Prisoners sentenced to death in the State of Oklahoma filed an action in federal court . .
Question:
Prisoners sentenced to death in the State of Oklahoma filed an action in federal court . . . contending that the method of execution now used by the State violates the Eighth Amendment because it creates an unacceptable risk of severe pain. They argue that midazolam, the first drug employed in the State’s current three-drug protocol, fails to render a person insensate to pain. After holding an evidentiary hearing, the District Court denied four prisoners’ application for a preliminary injunction, finding that they had failed to prove that midazolam is ineffective. The Court of Appeals for the Tenth Circuit affirmed and accepted the District Court’s finding of fact regarding midazolam’s efficacy For two independent reasons, we also affirm. First, the prisoners failed to identify a known and available alternative method of execution that entails a lesser risk of pain, a requirement of all Eighth Amendment method-of-execution claims. Second, the District Court did not commit clear error when it found that the prisoners failed to establish that Oklahoma’s use of a massive dose of midazolam in its execution protocol entails a substantial risk of severe pain.
*** While methods of execution have changed over the years, “[t]his Court has never invalidated a State’s chosen procedure for carrying out a sentence of death as the infliction of cruel and unusual punishment.” In Wilkerson v. Utah (1879), the Court upheld a sentence of death by firing squad. In, In re Kemmler the Court rejected a challenge to the use of the electric chair. And the Court did not retreat from that holding even when presented with a case in which a State’s initial attempt to execute a prisoner by electrocution was unsuccessful.

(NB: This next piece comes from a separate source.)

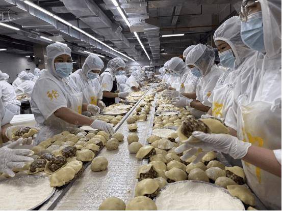 走进4万平方米的厂区,一条条工业化生产线正高效运转。从投料到出炉,一批月饼的生产周期仅需两个小时。高峰期时,这里将有近千名工人同时作业,通过“生产—包装—物流”一站式闭环,日产能最高可达40万个。
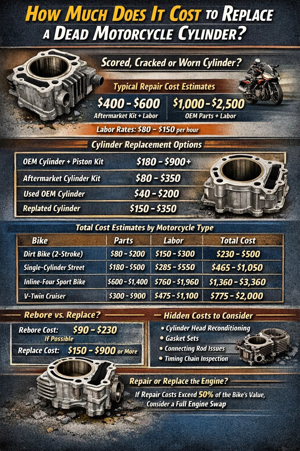 オートバイのシリンダーが焼き付いたり、ひび割れたり、仕様を超えて摩耗したりした場合、通常は次のような修理費がかかります。 300ドルから1,500ドル以上 、エンジンの種類、交換用シリンダーまたはシリンダーキットの費用、およびショップでの工賃に応じて異なります。小型の単気筒コミューター バイクの場合、予算に優しいアフターマーケット シリンダー キットのコストは、部品代だけで 80 ~ 150 ドル程度です。高排気量のツインまたは 4 気筒スポーツ バイクの場合、OEM シリンダー コンポーネントは整備士がレンチを手に取る前に 600 ドルから 900 ドルを超えてしまうこともあります。通常 1 時間あたり 80 ~ 150 ドルかかる人件費と、4 ~ 8 時間かかる作業が追加されると、総コストは急速に上昇します。

Most recently, in Baze, seven Justices agreed that the three-drug protocol . . . does not violate the Eighth Amendment.
*** Our first ground for affirmance is based on petitioners’
failure to satisfy their burden of establishing that any risk of harm was substantial when compared to a known and available alternative method of execution. In their amended complaint, petitioners proffered that the State could use sodium thiopental as part of a single-drug protocol. They have since suggested that it might also be constitutional for Oklahoma to use pentobarbital. But the District Court found that both sodium thiopental and pentobarbital are now unavailable to Oklahoma’s Department of Corrections. The Court of Appeals affirmed that finding, and it is not clearly erroneous. On the contrary, the record shows that Oklahoma has been unable to procure those drugs despite a good-faith effort to do so.
Questions:
1. Explain the defendants’ legal argument in regard to their death sentences.
2. What test is the court applying in evaluating the defendants’ arguments?
3. Why did Justice Breyer and Justice Ginsburg dissent? Explain their position.